In general, I want to dislike neatly-packaged "programs" that lead to "results."  For instance:  Dave Ramsey.  He seems so slick.  Almost like some kind of snake-oil salesman.  All the little slogans - it just seemed like groupthink.  But then I read the book, and my previous church started running his program.  And dang it.  It works.  His principles (which are really just the sound personal financial planning that we no longer learn from family or in school) help people get out of lethal debt and manage their finances so they can faithfully give.  I really didn't want it to work.  But it does.  I've used the debt snowball myself to great effect, and currently only owe student loans and my mortgage.

Another program I loved to hate was Couch to 5K.  This is super-straightforward.  It's a program of walking/jogging that promises to get you to running a 5K by the end of nine weeks.  It entails three weekly workouts that take no longer than 30 minutes.  I've seen people talking about it for years.  But I scoffed.  And I seemed to think that somehow, magically, I would just get in shape without having to start somewhere.

For a year after the birth of each of my children, I have taken a drug called domperidone to help me be able to nurse them more fully.  Along with a delightful herbal tea, domperidone has been a lifesaver for me.  But the ugly side effect of domperidone is increased appetite and inability to lose weight.  And boy, did each of those nasty effects hit me like a ton of bricks.

My pattern with both kids has been:  I lose almost all the weight I gained in pregnancy within eight or ten weeks of birth.  Then, because of the domperidone, I gain it all back (and then some) over the course of the baby's first year.  I stop taking the drug after baby's first birthday and realize that I've got some serious work to get back to a healthy size.

So here I am three days after Todd's first birthday:  as big as I have ever been, even fully pregnant with either of my kids.

I realized, looking at that picture, that I needed to get serious - and fast - about getting fit.  I needed to get over my suspicion of a program like Couch to 5K.  So I jumped in.  I started the program.  I mapped the runs into a neat chart so that I could mark off finished workouts.  I breezed through the first week.  The second and third weeks took a little more effort, but I got it done.  I had bad foot and ankle pain that was immediately remedied by getting fitted for new shoes and inserts at our amazing neighborhood running store.  I found a super-duper sweet double jogging stroller on Craigslist for $85 and am now a dedicated Baby Jogger brand snob.  I was feeling really good about my progress, jogging with the kids on weekends, with the dog on my day off, and on our walking track at church during my lunch break.

And then I hit week 5, day 3:  walk 5, jog 20.  Twenty minutes of uninterrupted jogging proved to be really, really difficult for me.  I had to re-attempt probably two or three times before I was successful.  Weeks 7 and 8 really slowed me down.  We are getting into jogging pretty long portions:  25-28 minutes.  I will admit that I still have not finished the program!
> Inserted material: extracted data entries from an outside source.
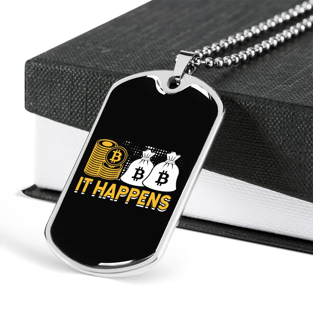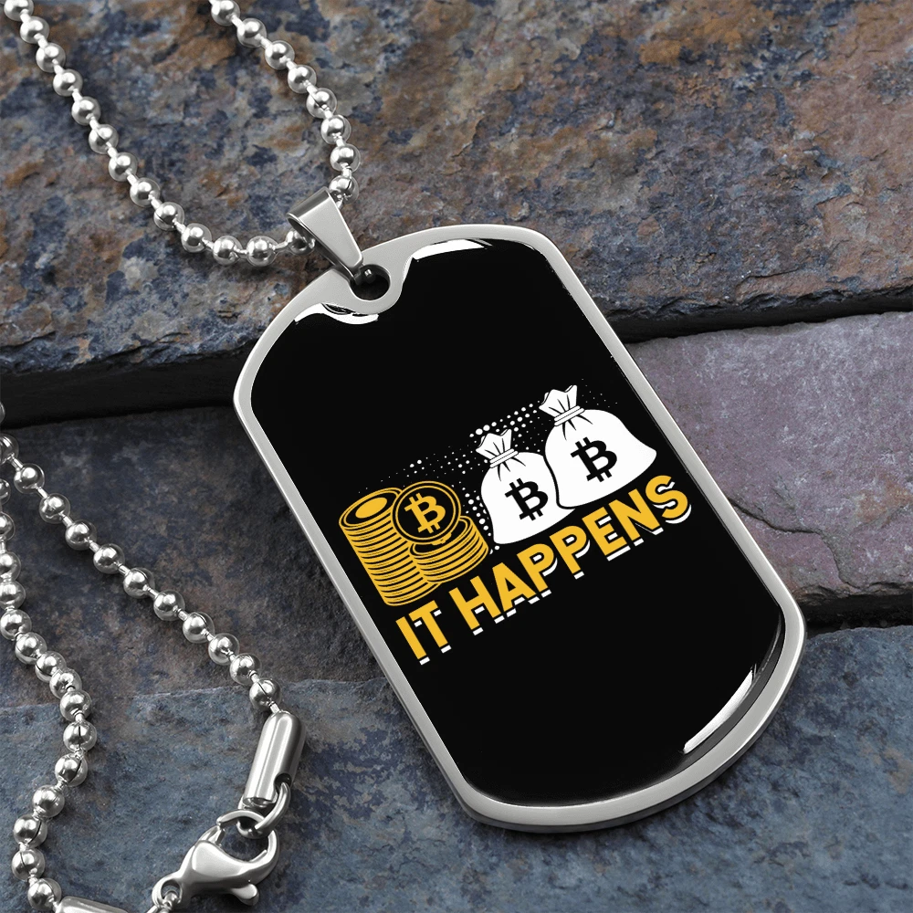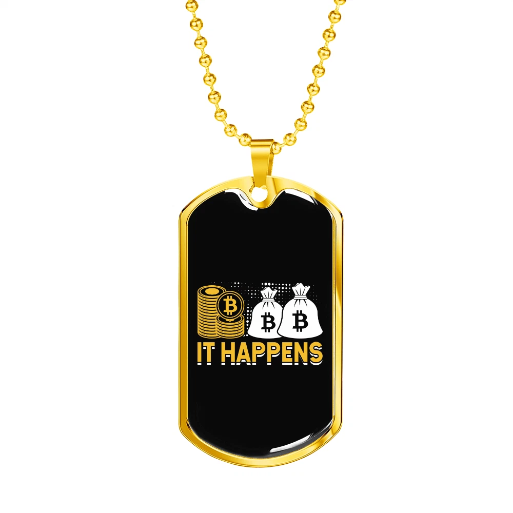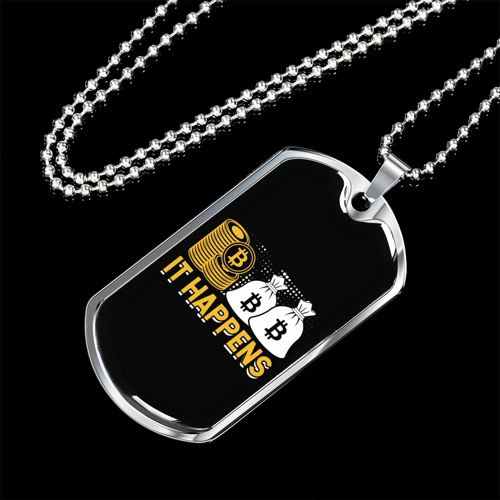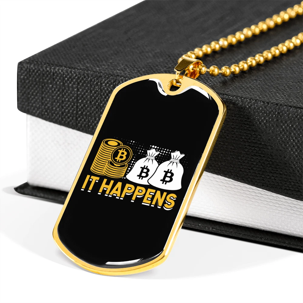 It Happens 2 Crypto Necklace Stainless Steel or 18k Gold Dog Tag 24" Chain
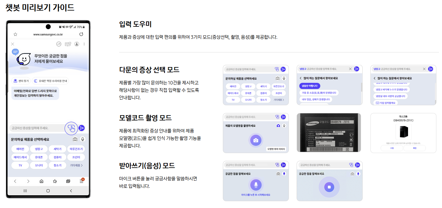 삼성전자 공식 웹사이트와 모바일 앱에서는 챗봇을 통해 간단한 문의를 해결할 수 있습니다. 챗봇은 24시간 운영되며, 기본적인 제품 사용법과 문제 해결 방법을 제공합니다.
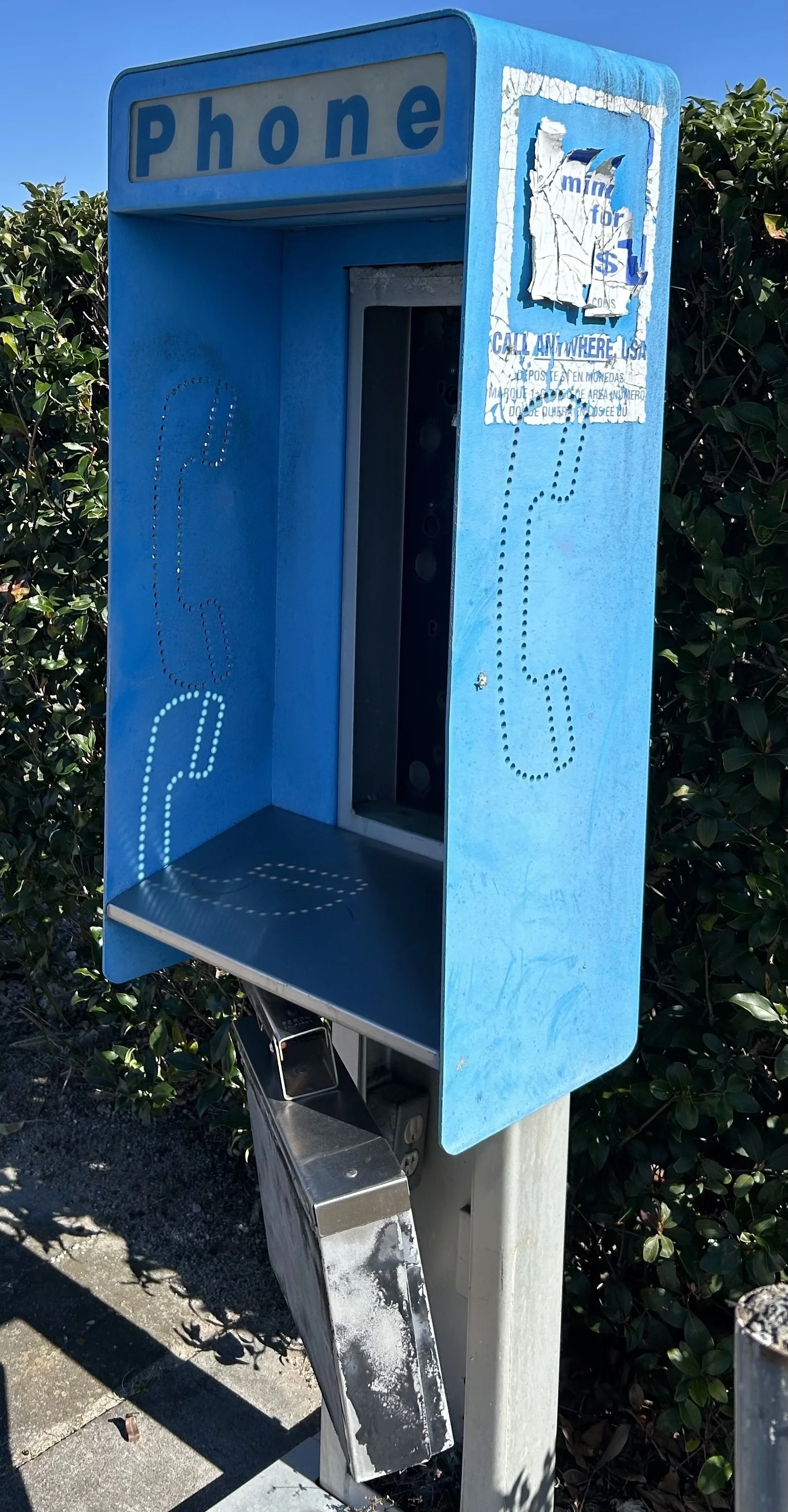 Twins ain’t just a buddy comedy. Dual payphones in Savannah, Georgia. Notice the phone book cases are still intact. These dinosaurs still roam the earth.
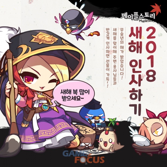 '메이플스토리'에서는 'ARK 코인샵 시즌2'에 '따끈따끈 떡국', '복조리 라이딩 교환권' 등 설날 아이템을 추가하고 다양한 설 이벤트를 실시한다. 다른 유저와 정겨운 새해 인사를 나누면 'ARK 코인 100개' 등 아이템을 지급하는 '2018 새해 인사하기'와 '창공의 연타기', '초능력 윷놀이' 등 미니게임 플레이 시 다양한 아이템을 선물하는 '껨디의 설날 놀이마당'을 진행한다. 또 '황금 강아지 복주머니', '황금 강아지 새해 선물 받아가세요!', '매일매일 설날 선물!' 이벤트 등으로 유저들에게 풍성한 혜택을 제공한다.

The final week is three workouts of walking 5 minutes, jogging 30 minutes.  I still can't quite do it.  But I work at it.  I jog 2-3 times per week.  And I feel amazing.

And I've lost a little over 20 pounds, to boot.  This is not the end of my "after" story, because I still have a long way to go.  This is really just the end of the beginning!  It's the beginning of me getting over my pride and my ridiculous objections to simple programs that encourage fitness.  I hope, if you're on the ledge, you can get over it too!